I feel for you so much, mama. I think you need to get him evaluated because he is likely to have difficulties at school without you. You don't have a ticker but I wanna say he is a little younger than DS1's and will start kinder 2014 (mine will too - we are holding him back). So I would wanna know if he has something and what it is IF there is something. The more therapy he has (if he needs it) the better off he is and therapy is not a medication, it needs time to kick in especially if he is going to do it on his own. I KNOW that your MIL is on the bottom of your DH's disposition. Your MIL is so much trouble. My MIL is very controlling and opinionated but luckily my DH sees it and listens to me. She lives in OH and we live in CA so we simply do our own thing and tell her after the fact. Our united passive aggressive approach has beat her into submission. But I can ONLY imagine what it would have been if she lived close and my Dh listened to her. I really feel for you. I wish I could help somehow but I know I can't do much other than offering support and advice.

[i.<3.cheesysmiles]

I feel for you so much, mama. I think you need to get him evaluated because he is likely to have difficulties at school without you. You don't have a ticker but I wanna say he is a little younger than DS1's and will start kinder 2014 (mine will too - we are holding him back). So I would wanna know if he has something and what it is IF there is something. The more therapy he has (if he needs it) the better off he is and therapy is not a medication, it needs time to kick in especially if he is going to do it on his own. I KNOW that your MIL is on the bottom of your DH's disposition. Your MIL is so much trouble. My MIL is very controlling and opinionated but luckily my DH sees it and listens to me. She lives in OH and we live in CA so we simply do our own thing and tell her after the fact. Our united passive aggressive approach has beat her into submission. But I can ONLY imagine what it would have been if she lived close and my Dh listened to her. I really feel for you. I wish I could help somehow but I know I can't do much other than offering support and advice.

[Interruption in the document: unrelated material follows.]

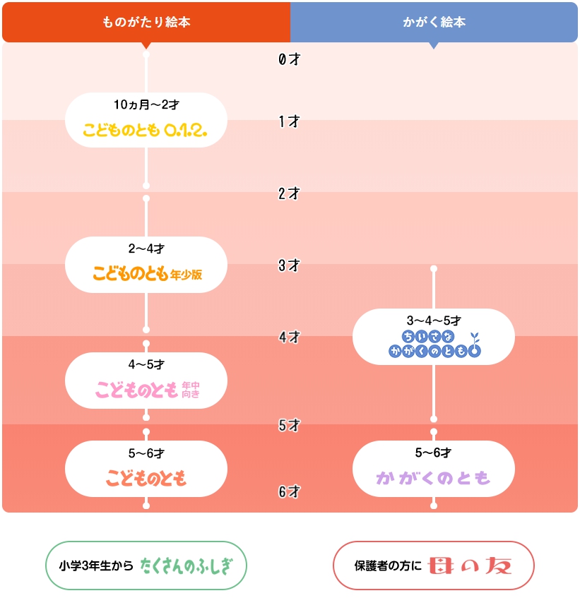 ちいさなかがくのとも》(小小科學之友)繪本月刊主要針對 3至 5歲的孩子,對於比較簡單且有趣的自然現象作介紹,因為是針對幼兒首次閱讀的科學繪本,所以並没有大量的科學知識,而是透過每個月提供讓孩子感動的主題,例如〈感受心臟的跳動〉讓孩子們有所感動,並願意嘗試、體驗與發現身邊熟悉的世界充滿了樂趣。而《かがくのとも》(科學之友)則是針對 5至 6歲的孩子閱讀設計,為了加強孩子們擁有強烈的好奇心,並讓心裡的科學種子萌芽與成長而定期出刊的科學繪本,並讓孩子們從不同的角度熟悉動物、植物、聲音與現象,並提供不同的視覺觀點。《たくさんのふしぎ》(大驚奇)科學月刊的主要讀者群為小學三年級以上,希望藉由呈現第一線的研究人員與專家學者經驗的引導,讓孩子們能夠發自內心感受、思考與理解世界中自然與環境、人類的生活、歷史和文化、數學和哲學等,具有許多驚奇且不可思議的現象(福音館書店)。

Thank you so much. You are right, that he will be starting kinder in 2014. He is really a sweet boy and he is shy, but he has certain things that really bother him. And I do wonder if he will struggle with a teacher who doesn't know what he likes since I have seen glimpses of it the few times others watch him. You are also right that my MIL butts in when it's none of her business and tells us nothing is wrong with him for 2 reasons....one, he is "just like" her other son (which I don't completely agree with, but if he is, I am not going to enable his behaviors, but rather help him learn to cope with them so that he can function without me as an adult) and two, because she is a preschool music teacher, and says that he is completely normal compared to all the kids she sees. But she only sees her students for 30 minutes at a time...and I will tell you, DS1 takes music classes, and there is no way his music teacher, who sees him for 45 minutes every week would know there could be anything wrong as music really calms him down. You can't compare. She even did the same thing with a friend at DS2's birthday whose son is slightly delayed with his speech...she said he is fine, just like her students who don't say anything. Well, in my music class, most kids don't say much either. I don't get why you would tell someone that everything is fine. If it's not, then it's not a big deal to get help. I'd rather do that than pretend everything is just fine.